They still exist. Find a small community and join it.
I’m on a forum of about 100 people who chat about crossover fanfiction, with a good share of us writing our own fics. And other random topics too, of course. It’s fun, self-hosted, and no news feed.
Maybe it can still exist because of the high proportion content creators, making the community feel like a community.
In this case, I imagine "monetize" actually means "at least earn some money so the people hosting it don't have to cover all the costs from their own pocket"...
Yes, and that's what led to most of them being sold pretty quickly as costs piled up. Internet Brands and VerticalScope were 2 of the major companies that bought out and consolidated a lot of them.
They're still around but the space has changed a lot and the forum software is outdated too. It's much cheaper to run servers now but most people have moved on to social or chat groups.
No, people who check in and post a couple times a day or so. The forums I loved (and some I still love, such as various fan forums the rollercoaster community runs), at least, weren't places where there was something new to consume every refresh where you'd sit on the site all day and refresh every 5 minutes - that... would've been extremely expensive on dial-up internet, for a start. You checked in with the community ever so often, and if there were people you got along with really well you'd add them on a messenger application! Unlike reddit, if you didn't get a response within 10 minutes, it didn't mean your post would sink into obscurity... probably everybody on the forum would at least see the title by the weekend.

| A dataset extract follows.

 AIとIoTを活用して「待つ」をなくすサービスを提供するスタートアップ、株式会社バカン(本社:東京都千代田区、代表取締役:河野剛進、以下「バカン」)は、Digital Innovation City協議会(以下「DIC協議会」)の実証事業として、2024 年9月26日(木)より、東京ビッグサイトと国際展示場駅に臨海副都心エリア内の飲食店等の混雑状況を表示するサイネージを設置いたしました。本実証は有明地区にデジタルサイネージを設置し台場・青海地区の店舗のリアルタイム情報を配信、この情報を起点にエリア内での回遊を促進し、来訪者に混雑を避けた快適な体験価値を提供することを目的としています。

You don't need to be paying for spam detection on a small community forum that is being actively moderated. Set up the software to prevent newbies from making new threads without moderator approval, use a DNSBL, have spam reports from anyone who's been around longer than a week automatically hide posts, remove said privilege from people who abuse it. I've never had a serious spam problem on a small forum I was actively moderating. Same with mailing lists. Also, if you do feel like you need spam detection, Akismet is available for free if your forum, like many, is non-commercial.
Yes! The faceless mass is caused because the "community" has gotten way too large. If you want a better experience, you need to build your own community based on your interests and keep it from getting too large and unmanageable.

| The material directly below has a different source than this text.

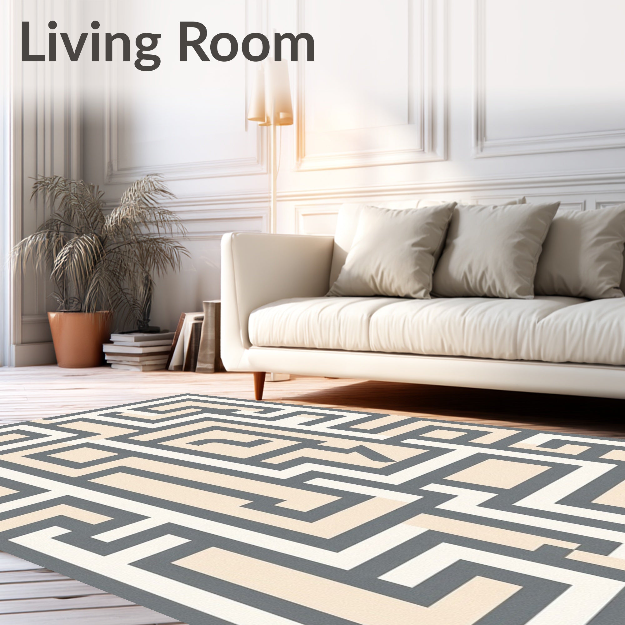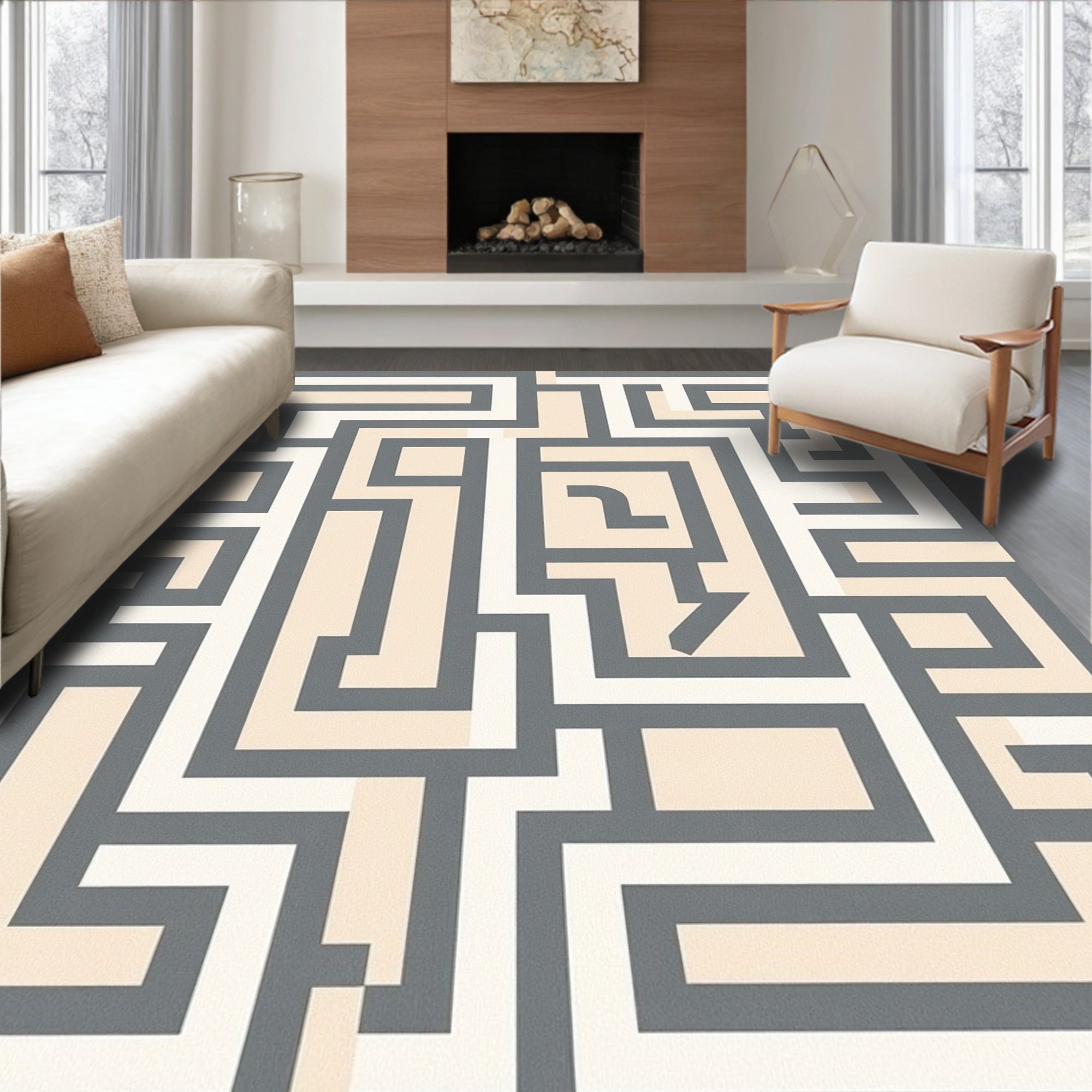 Ultra Soft Area Rug, Non Slip, Stain Resistant, Washable Area Rugs for Living Room, Bedroom, Symmetrical Maze Labyrinth Architectural(Gray) Overview:

Maybe this is an unavoidable byproduct of having everybody on the web... I started using it around 2005, I can’t imagine how people who started with homepages and newsgroups must feel.
Ornery and irritable - not really that technology moved on, but mostly for what could have been but wasn't.

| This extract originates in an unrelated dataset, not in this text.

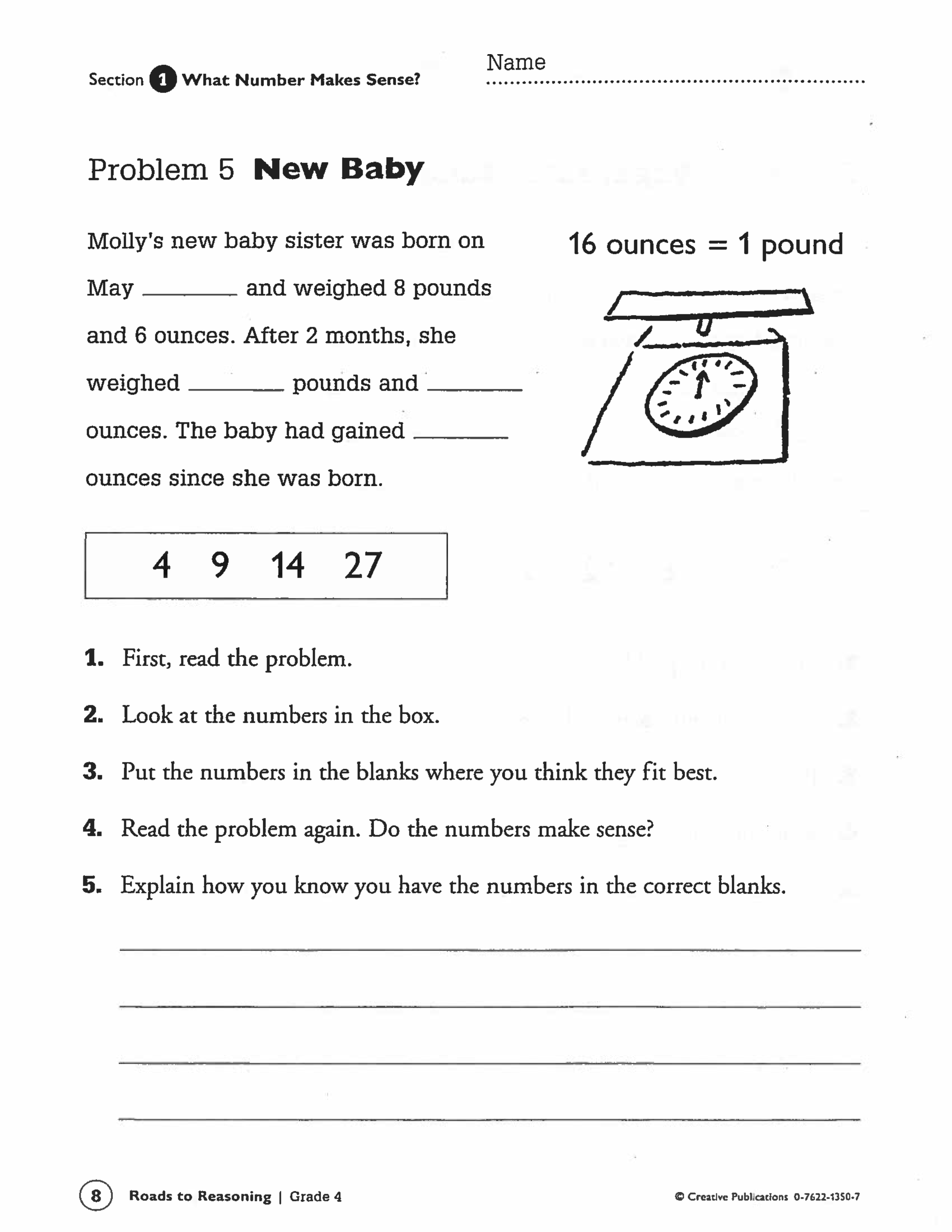 Problem 5 (New Baby) Section 1 - What Number Makes Sense?

Additionally, bemusement - watching people go crazy over Reddit and Slack, when all I can see is glitzy, more newbie-friendly, centralized incarnations of Usenet and IRC.
Don't even get me started with Facebook (though, I hear FB isn't even popular with today's kids - rather, it's that thing old people use.)
I'm part of a few forums, all which serve a niche. And on the smallest of them the community of people is real (though it's often in a us-vs-them way).